Est-ce que les Etats-Unis et la Chine dominent autant les Jeux paralympiques que les JO ? La réponse n’est pas simple. La Chine domine effectivement les compétitions depuis deux éditions (Athènes 2004 et Pékin 2008) alors qu’elle n’était que 6e à Sydney en 2000, 9e à Atlanta en 1996 et 13e à Barcelone en 1992. La progression chinoise a donc été constante jusqu’à son apogée depuis huit ans. Il faudra voir si cela se poursuit cette année à Londres, après la motivation extrême pour Pékin. Pour les Américains, les résultats sont mitigés. Ils ont été 3e à Pékin en 2008, 4e en 2004 et 5e en 2000. Un classement vraiment moyen alors qu’ils avaient été premiers chez eux à Atlanta en 1996, à Barcelone en 1992 ou encore à Séoul en 1988. Si la Chine n’a que récemment pris la tête des nations paralympiques et si les Etats-Unis semblent sur le déclin, quels sont alors les autres grands pays à concourir ?

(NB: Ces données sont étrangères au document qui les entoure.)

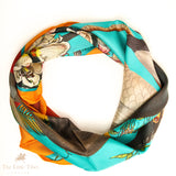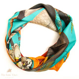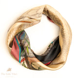 Sea Bird Representation Silk Scarf – 100% Pure Silk Twill (Beige & Turquoise)
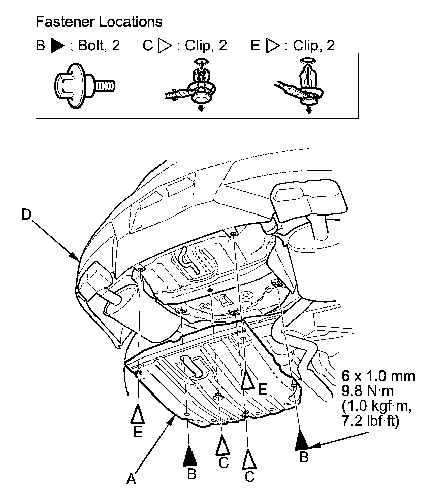 1. Remove the bolts (B) and detach the clips (C) that secure the undercover to the body.

Parmi eux, plusieurs pays européens. Les Britanniques, tout d’abord. Grande nation paralympique s’il en est. Toujours classés 2e ou 3e des Jeux paralympiques, ils auront à cœur de faire au moins aussi bien dans leur jardin à Londres ! Il y a l’Ukraine, ensuite, qui s’est classée 4e en 2008 à Pékin et 6e à Athènes. Une jolie apparition dans le haut du classement quand on sait que le pays tournait plutôt autour de la 40e place auparavant. Viennent ensuite quelques pays du Commonwealth. On a déjà mentionné le Royaume-Uni mais l’Australie (5e à Pékin), l’Afrique du Sud (6e) et le Canada (7e) ne sont pas en reste.

Pour terminer, faisons un petit pari. Un pays auquel il faudra sans doute faire attention cette année devrait être le Brésil. Sa progression actuelle est certes intéressante (24e en 2000, 14e en 2004 et 9e en 2008) mais elle ne suffit pas à l’imaginer entrer dans le groupe de tête. C’est en tant que futur organisateur des Jeux paralympiques en 2016, pour lesquels il tentera forcément de réaliser un joli coup, qu’il devrait être dangereux dès à présent. Un coup d’éclat avant l’apothéose à Rio ? Rendez-vous le 9 septembre pour savoir si les athlètes paralympiques brésiliens étaient au rendez-vous !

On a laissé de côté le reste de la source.